The study by Sanmarkan et al. showed that SJS is more common in males.[6] Whereas, our patient is female. Other studies reported patients are in mean age group of 10-40 years.[6910] In our case, she is a 28-year-old patient. Patient also developed UTI-MDR Klebsiella/E. coli and was on Inj. cefepime for 6 days since microorganism was resistant to the drug it was discontinued. Inj. tigecycline was changed to inj. polymixinE as it had a better spectrum of action for MDR Acinetobacter.

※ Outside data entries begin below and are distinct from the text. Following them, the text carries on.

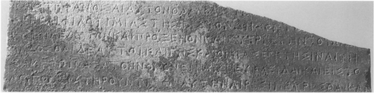
Figure 2. Agora I 7571, detail of lines 4–9.

Line 5: Where omicron is dotted, the top left quarter of the letter space preserves a stroke consistent with omicron, omega, or theta. The bottom tip of a left vertical is preserved where nu is dotted.
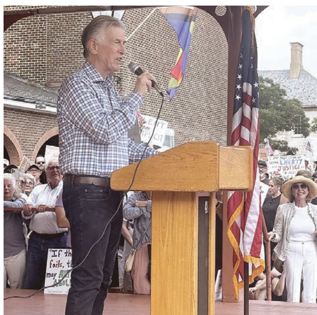
U.S. Rep. Don Beyer (D-8) speaks at the No Kings rally June 14 at Market Square.
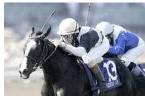
Six Perfections
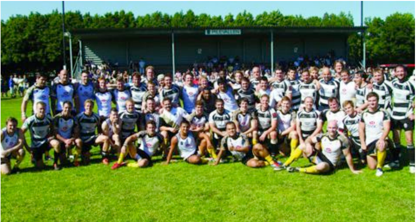
HSBC Penguins and the Pingvin Rugby Club teams pose together after the Golden Jubilee Match.

Game two of the HSBC Penguins tour to Sweden saw the opposition drawn from the Skane Region, but with Pingvins being the strongest club in the county, a number of guys who played on Saturday afternoon also appeared on Wednesday evening.
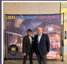
International Factoring Association Annual Conference, New Orleans
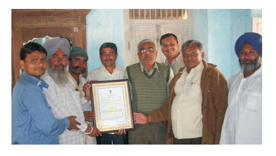
Registration day of Producer Company
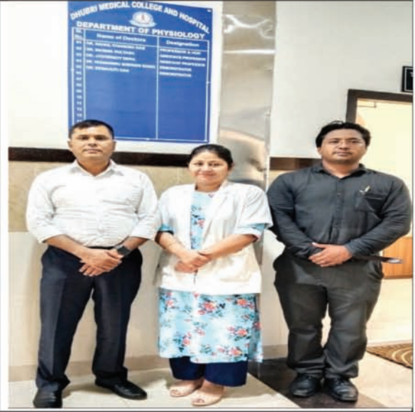
Department of Physiology
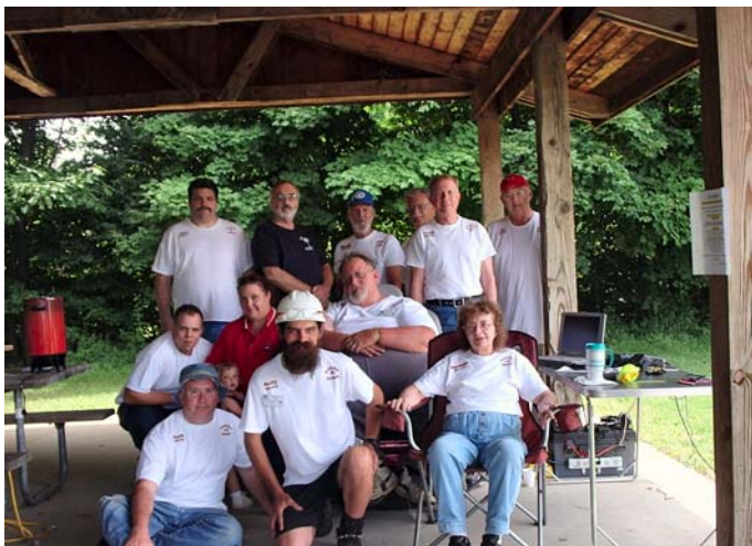
The Field-Day Crew (Left-Right) K8JWS - W8KYZ - WD8OFG - K8ECK - W8KRF - N8CX KD8DTG - KD8DZL - WD8IQJ - KA8VTS N8PZD - N8OFS

Color Photos in E version of NOARSLOG available at www.noars.net
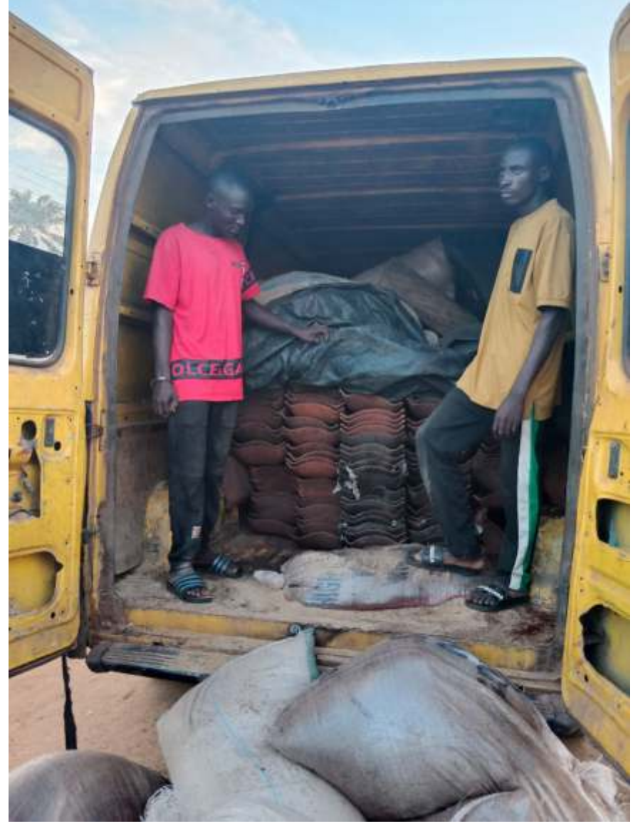
spare anyone caught in the act. One of the impounded trucks with the stolen railway sleepers and suspects

Likewise, citizens with criminal intent of robbing the nation of its assets are advised to desist as the Corps will not spare anyone caught in the act.
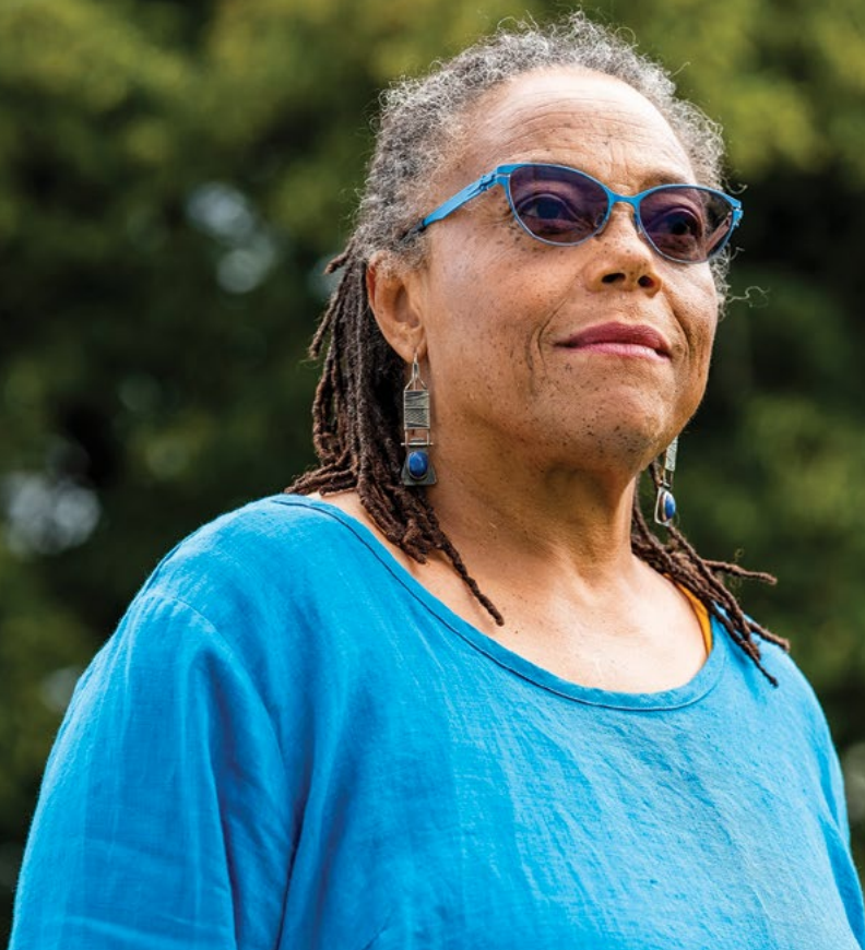
CECE, living with hATTR amyloidosis
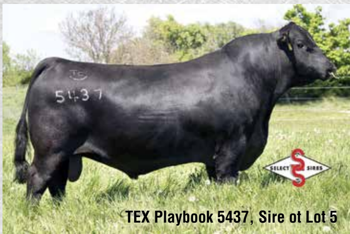
TEX Playbook 5437, Sire of Lot 5

Tex Playbook sired calf. He is 1/4 SM 3/4 Angus. The Playbook calves have always been good for us.
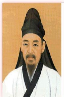
Yi I (1536 - 1584)
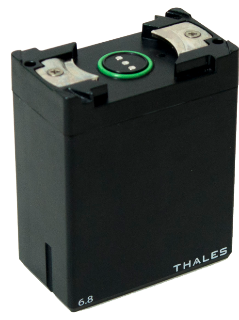
*Notes: A Material Safety Data Sheet [MSDS] is not required for this part based on a Class 9 100Wh limit. This document can be used as a Product Safety Data Sheet [PSDS].
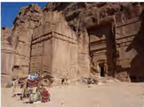
Street of Facades
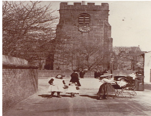
St Luke's Church is the oldest church in Widnes. It was built around 1180 and used to be called St Wilfred's.

The furnace on the crest relates to the form of industry for which Widnes was noted for, namely alkali and soap manufacture.
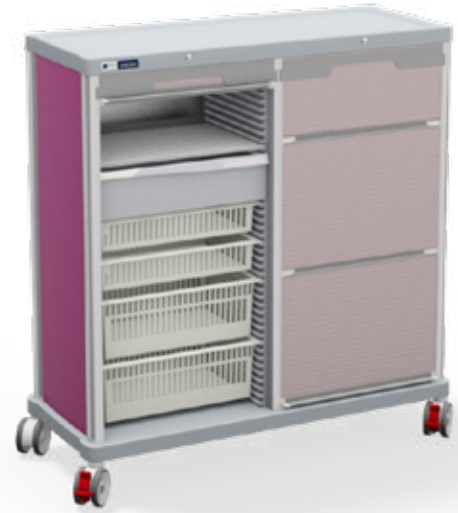
COD.TRS140DAPR-STS PRECISO TRS
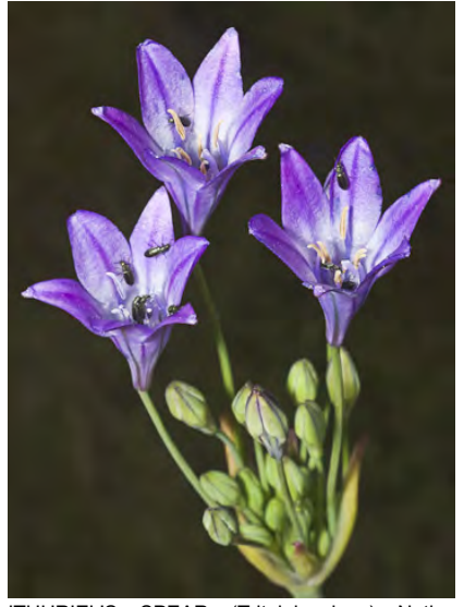
ITHURIEL'S SPEAR (Triteleia laxa) Native Perennial - Brodiaea Family - (Apr–Jun) -Common. Open forest, conifer or foothill woodland, grassland on clay soil - Flower stem 4-28". Leaves 8-16", 0.16-1" wide. Flowers blue, blue-purple or white, 0.7-1.9" long.
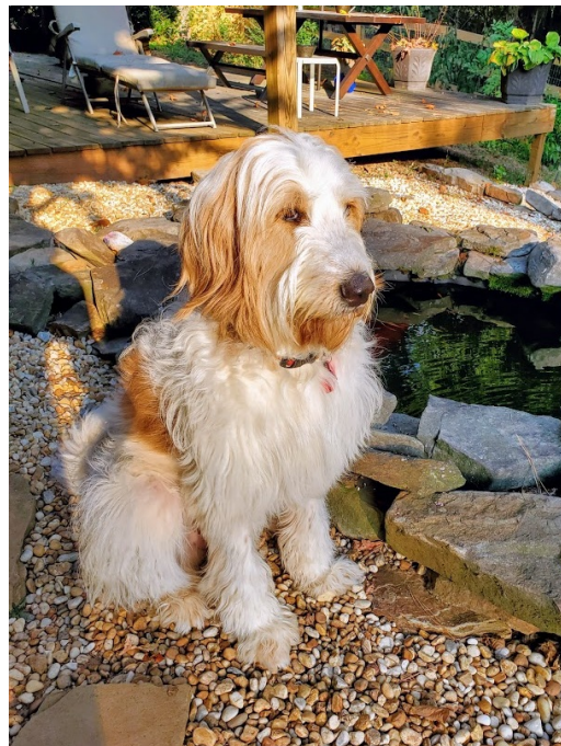
Saffy (formally Avett)
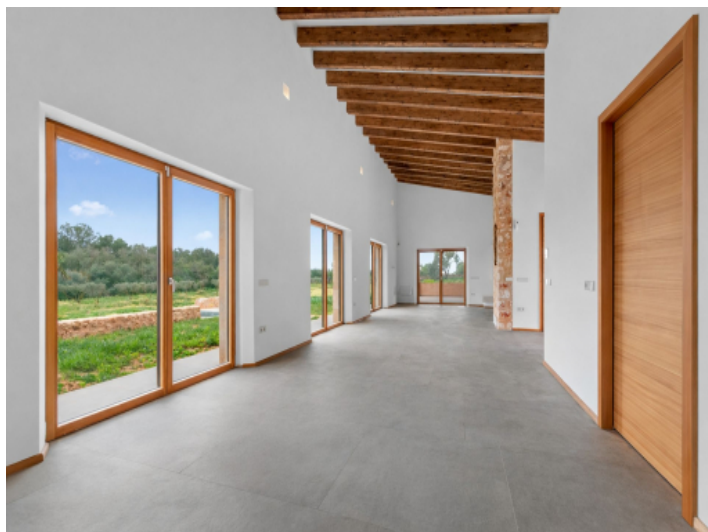
Kitchen with open concept
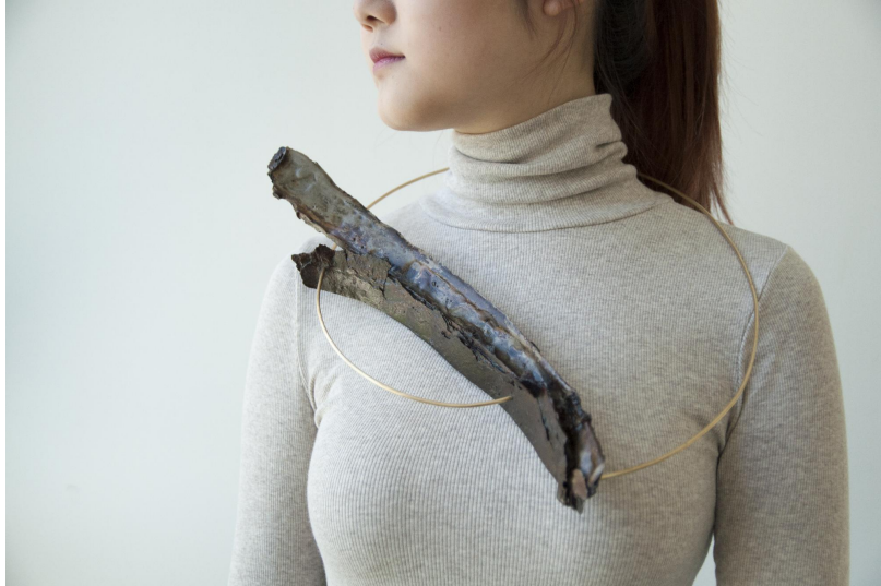
Edge, Neck and Wall piece Found component, bronze

Unable to identify the found strip of steel with embedded rubber, I was faced with another situation of creative freedom. This time I studied the piece closely and pulled inspiration from the features already included. So much detail can be seen in the discarded strip, ranging from color variations reminding me of the foamy space where water meets land, to flaking particles imitating the rocky edge of a cliff. Similar to the Scape neck piece, a rust print was displayed behind this piece as a backdrop to further allude to its relationship with landscape. The found segment felt adequate enough to stand on its own, and in an attempt to keep the content minimal and the focus on the layered ribbon of corroding material, a round bronze frame was added, making the finished work a wall piece, or a wearable necklace. Because of the versatility in the found object and the broad sense of relevance, I do not feel as though this piece is strictly a wearable object, or only a wall piece, but a composition that can be adopted and considered by the individual viewer.
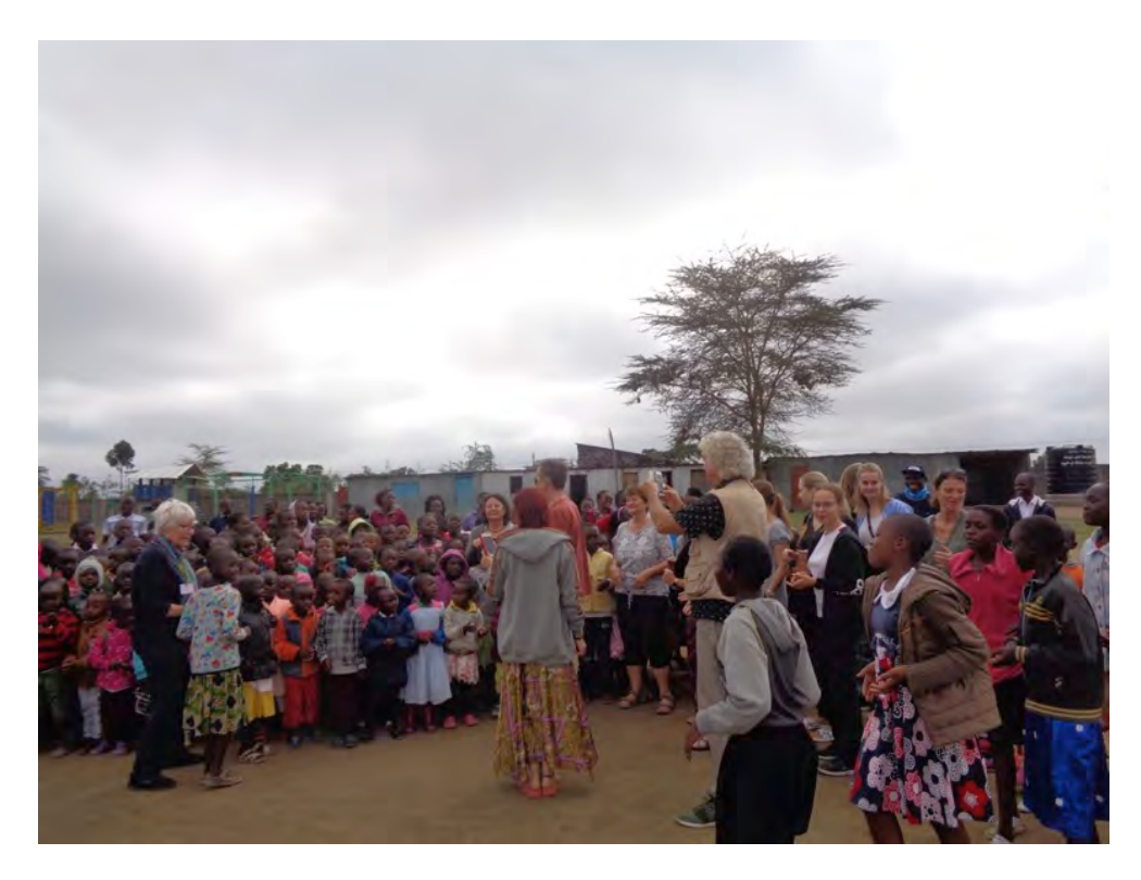
Children and staff welcoming visitors at LLK center on 28<sup>th</sup>, October
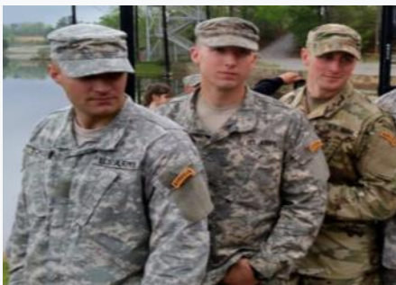
Ramrods graduate Ranger school
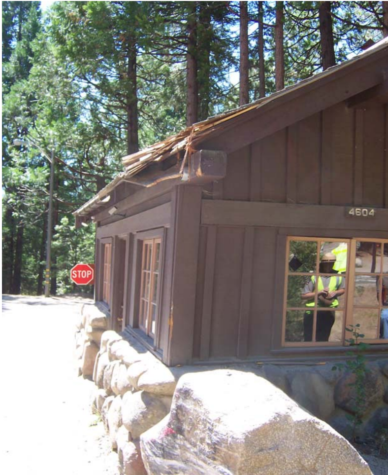
Photo 3 - Damage to Entrance Station Office
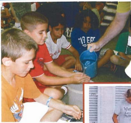
Washing up Tanzanian-style
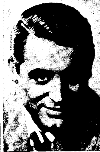
CARY GRANT WIBA at 8
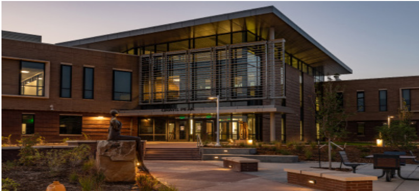
Front Range Community College Larimer Campus-Gray's Peak

We moved onto the FRCC campus in August, after completion of the new Gray’s Peak Health Careers facility.
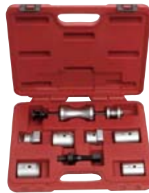
Supplied in Carry Case

A detailed list is supplied with each kit.
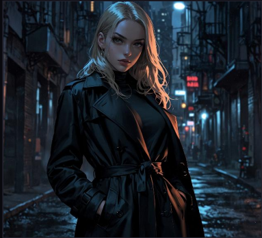
CARMILLA GRIEVING MATRIARCH

Centuries-old vampire hiding in the city's underground district. Consumed by immense regret for alienating her daughter Ophelia, she attempts to run from her past via a hospital job. Forced into a corner by Vex, she must protect a new fledgling and form an army.
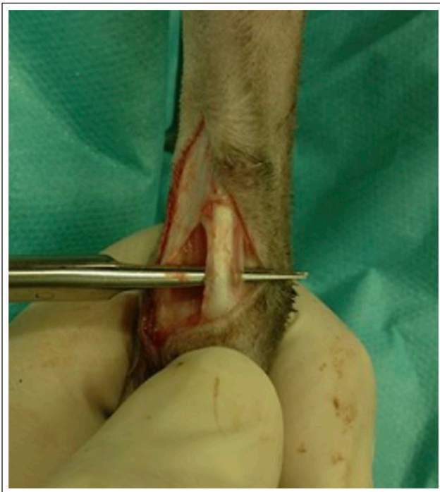
Figure 3 Intraoperative photograph before a tenectomy of the flexor carpi ulnaris muscle tendon of the right forelimb was performed. A palmaromedial to palmarolateral approach was used just proximal to the antebrachio-carpal joint. The tendon of the flexor carpi ulnaris muscle is highlighted with the surgical instrument

biopsies of all sectioned tendons and associated muscles were taken intraoperatively. The subcutaneous tissues were closed using a simple continuous pattern with a 4-0 poliglecaprone 25 suture (Monocryl; Ethicon). The skin was apposed with an interrupted suture pattern with 4-0 polyamide (Ethilon II; Ethicon).
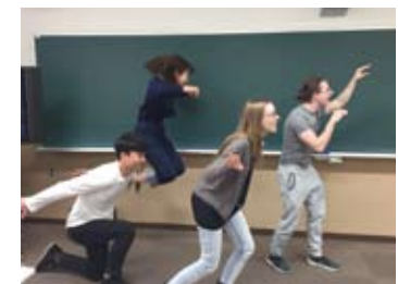
Winter Intensive Period Project Work : Speaking “Expression and acting”
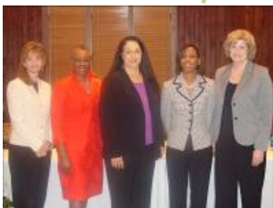
AABE Gulf Coast Chapter's Women in Energy panelists.
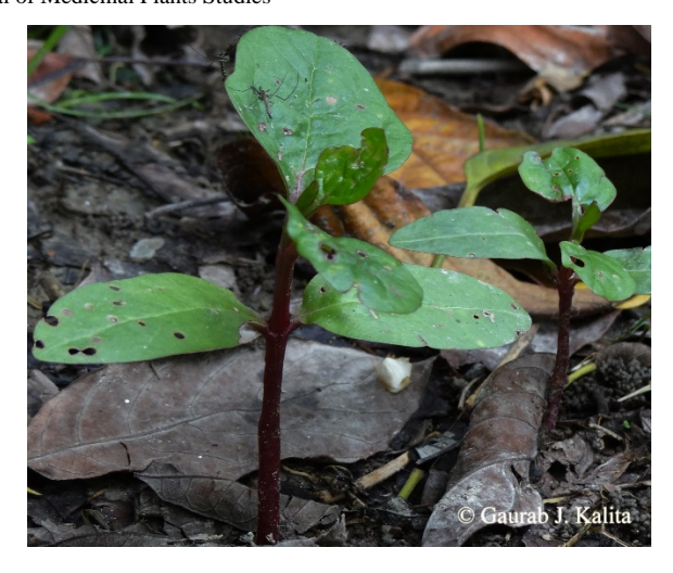
Fig 7: Basella alba
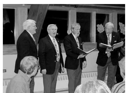
Kinsmen Quartette Friday evening.
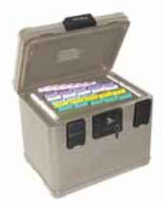
SS106 Holds letter and A4 size hanging file folders
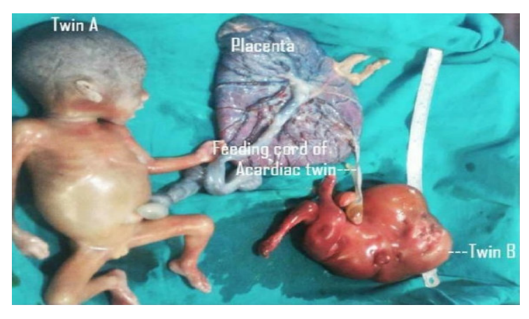
Figure 3: Gross photograph showing Twin A grossly normal foetus and Twin B replaced by amorphous structure with double vessels cord of Twin B attached directly to placenta and anastomose with arterial vessels of Twin A

But limited availability of centres for these techniques and also skills makes it difficult to undertake these procedures. On this backdrop, the best strategy remains always early diagnosis and early prophylactic intervention to avoid technical difficulties at late interventions. Early pickup of cases of TRAP sequence by sonography, will allow the clinician to choose appropriate method of foetal reduction and allow the normal growth of pump twin to be beyond 36 weeks without any compromise [1, 2, 10, 11].
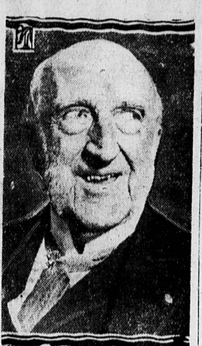
Chauncey Depew, famous American after-dinner speaker, humorist, politician, railroad magnate, who died in New York in his 94th year, after a brief attack of pneumonia.
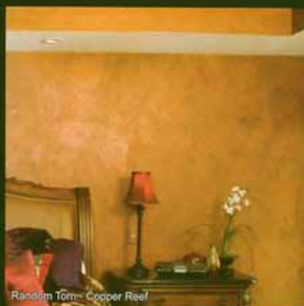
Random Torn™ - Copper Reef
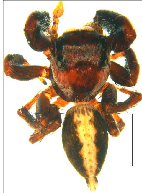
Colopsus peppara male
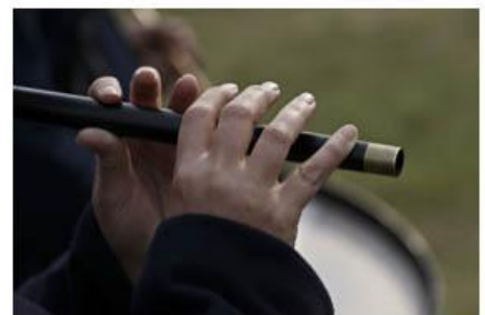
2017 Assigned Subject Working Hand
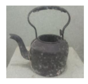
110. Domestic, social and cultural tool- Iron Kettle
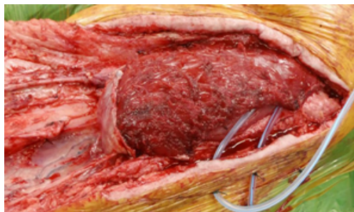
Figure 3: Covering the prosthesis circularly with sartorius and rectus femoris muscles flaps that was folded up.
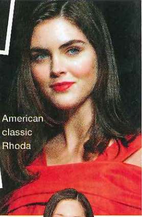
American classic Rhoda

Patient was administered methylprednisolone for the treatment of SJS. Gradually, rashes started decreasing and she was shifted to female general ward. On day 20, she developed skin peeling and recurrence of lesions in the evening followed by pigmentation and scaling of skin and was shifted to intensive care unit. All medications were discontinued, but lesions worsened hence tapering of steroids was planned, which was found to be beneficial in this patient. Our experience was similar to that reported by Michaels b and Cheriyan et al.[1112] The skin biopsy showed interface dermatitis and pityriasis versicolor. A study conducted by Whitney and Milton. Stated that glucocorticoids are more effective in cases in which the biopsy shows inflammatory changes (more lymphocytes), compared to those cases in which the biopsy is paucicellular.[13] She was given i.v methylprednisolone 40 mg q 8 h for 5 days. The next 2 days, she was administered tab. methylprednisolone 40 mg and tapered to 32 mg over the next 5 days, 24 mg for 3 days, 20 mg for 4 days, 16 mg for 2 days, 12 mg for 4 days, 8 mg for 2 days and 4 mg for 6 days. Patient's condition was normalized, no lesions were observed. Hence, the patient was planned for discharge.

CONCLUSION

Here, we report a rare case of phenytoin induced SJS that was exacerbated by the cefepime administration. We could not find any cases in the literature review of such unique reactions. The possible cause of aggravation of SJS may be due to the reaction of nucleophilic groups with lysine ε amino groups of proteins to form cephalosporyl proteins. However, the mechanism of this drug reaction is currently unknown. It is therefore advised that cefepime should be administered with the caution in patients with history of drug induced SJS.